As sibling comment mentioned, reference counting is very much non-predictable in latency.

If you want predictable, you want your GC to run either in constant time slice, or an upper-bounded timeslice.

Deferred refcounts can become quite complex if you want to avoid "I have just released last reference to something that contained a lot of other referenced" (there are some funny threads where Rust users discover that they sometimes need to spin an extra thread to not have effective "stop the world" XD).

So instead common approach is tracing GC with some form timesliced running collector, guaranteeing that time taken from mutator will be upper-bounded. For example, instead of stopping the world, concurrent GC will usually only require a synchronization point. Sometimes it also means that the collector will be given explicit timeslice to ensure that there's certain amount of work being done - it's all tradeoffs based on how much throughput and latency you want.

You can speed up tracing collectors through things like escape analysis and 1bit reference counting (for example, you set a bit if a new reference is passed outside of current scope, every object without bit set can be assumed to have all referenced contained in given scope, etc).


> People recommend tracing garbage collection because it performs better than atomic reference counting, even though reference counting is much simpler.

Reference counting is a lot more complicated! It turns every read into a write.

> [...] if my goal is performance and predictable latency?

Reference counters don't have predictable latency: a single reference decrement can lead to an arbitrary amount of follow up work, like more decrements and deallocations.

Performance of reference counting isn't generally better than that of garbage collectors. (Especially since you still need a backup solution to deal with cycles.)

Figuring out a lot of your memory management at compile time is definitely a win. But doesn't really have much to do with reference counting.

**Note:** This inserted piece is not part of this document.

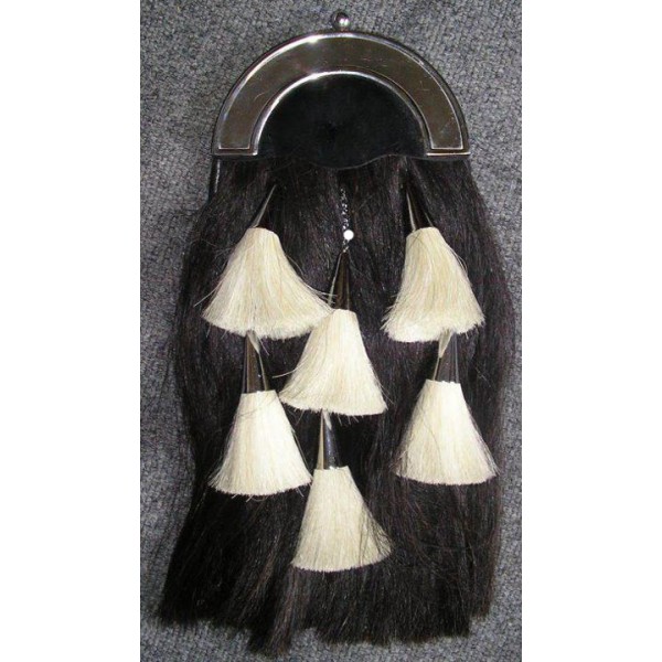 Military long horse hair sporran made in pure leather, Original black long horse hair on the front six white small horse hair tassals with back pocket and nickel plated cantle...

> Reference counting is a lot more complicated! It turns every read into a write.

Why? Maybe it's crucial to the story, but I am exploring Rust-like single ownership semantics.

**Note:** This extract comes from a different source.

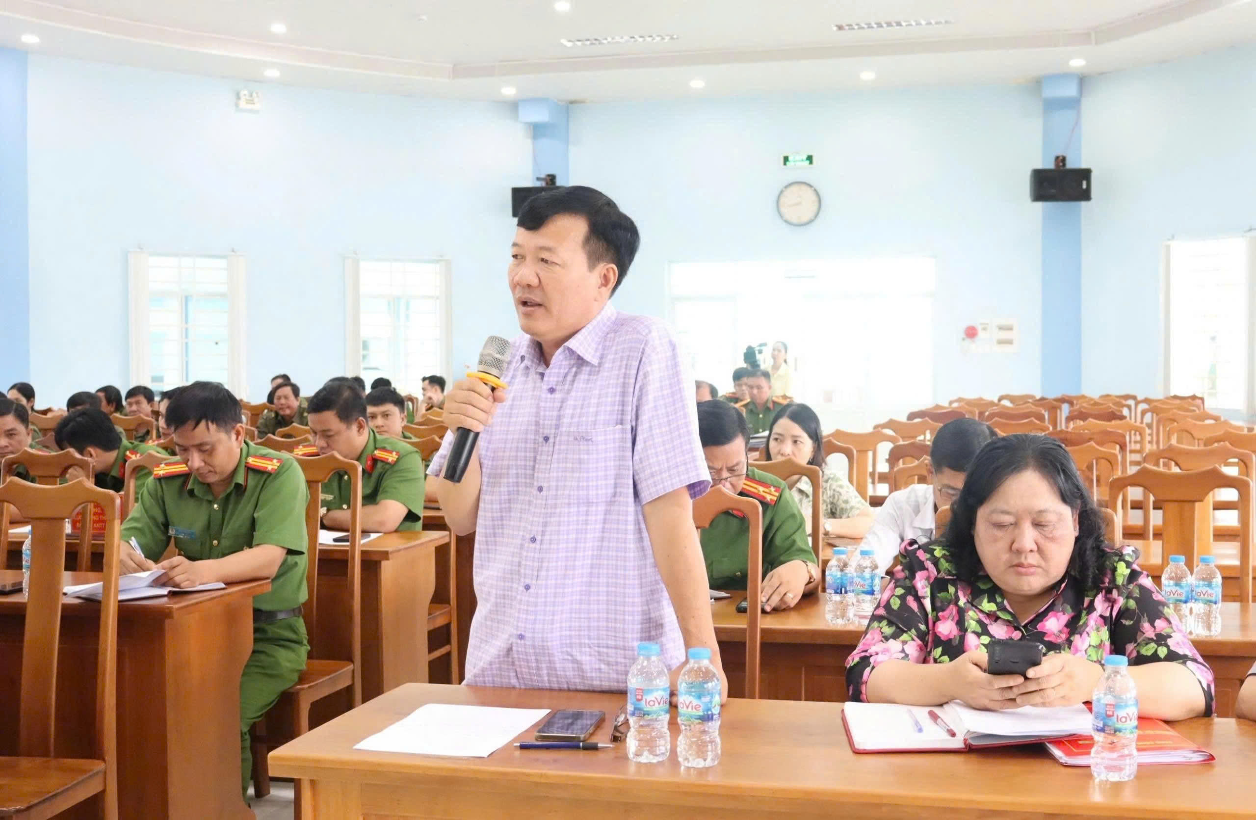 Bên cạnh những kết quả đạt được, đại diện CBCS, lực lượng Bảo vệ an ninh trật tự cơ sở và lãnh đạo Công an xã đã thảo luận, trao đổi những thuận lợi, khó khăn trong quá trình thực hiện nhiệm vụ chuyên môn như: trang thiết bị xuống cấp; chưa có kho tạm giữ phương tiện, phòng tạm giữ người theo quy định; đường truyền hệ thống đôi lúc chậm cập nhật ảnh hưởng đến thời gian trả kết quả cho người dân; việc cấp biển số xe và giấy chứng nhận đăng ký xe còn chậm do phụ thuộc vào đơn vị đóng biển số và Cục Cảnh sát Giao thông chậm chưa phân bổ phôi; nguồn kinh phí hoạt động thường xuyên chưa đảm bảo đáp ứng yêu cầu triển khai nhiệm vụ chuyên môn; chế độ hỗ trợ lực lượng đảm bảo an ninh trật tự còn thấp.

You would have to "write" only when you create a new reference to something, or the reference is destroyed. But it wouldn't turn any read into a write, no?


Rust ownership works because it runs entirely at compile time. Rust has infrastructure for runtime inference counting, but you need to actively use it, and it's complicated.

Also, every time you read a pointer you are creating a new reference. That's what turns "every read into a write". You are correct that it's not actually every read, it's just that every small block that reads the value will also write over it.



You don’t do this in Rust. Up u can take a normal &T into something held by an Rc<T>. The count will not be touched.

It’s only when you need an additional owning reference that you call clone() and increment the count, or when one of the owners goes out of scope, and Drop decrements the count.

But for non-owning cases, which are many of them in most code, the count stays the same.


"Up u" should be "You", I don't know why my phone autocorrected this way. Too late to edit now!


That has a cost both to the compiler and to the developer.

It's not a free win.


It’s part of the standard library, not the language, so it’s not really a cost to the compiler.

And this just uses all the same rules as normal Rust code, so like, sure, to use features you have to know them, but I find it a bit silly to frame that as a “cost.” If that’s a cost, so is literally everything.

Anyway my main point is just that you have less refount traffic than in other implementations.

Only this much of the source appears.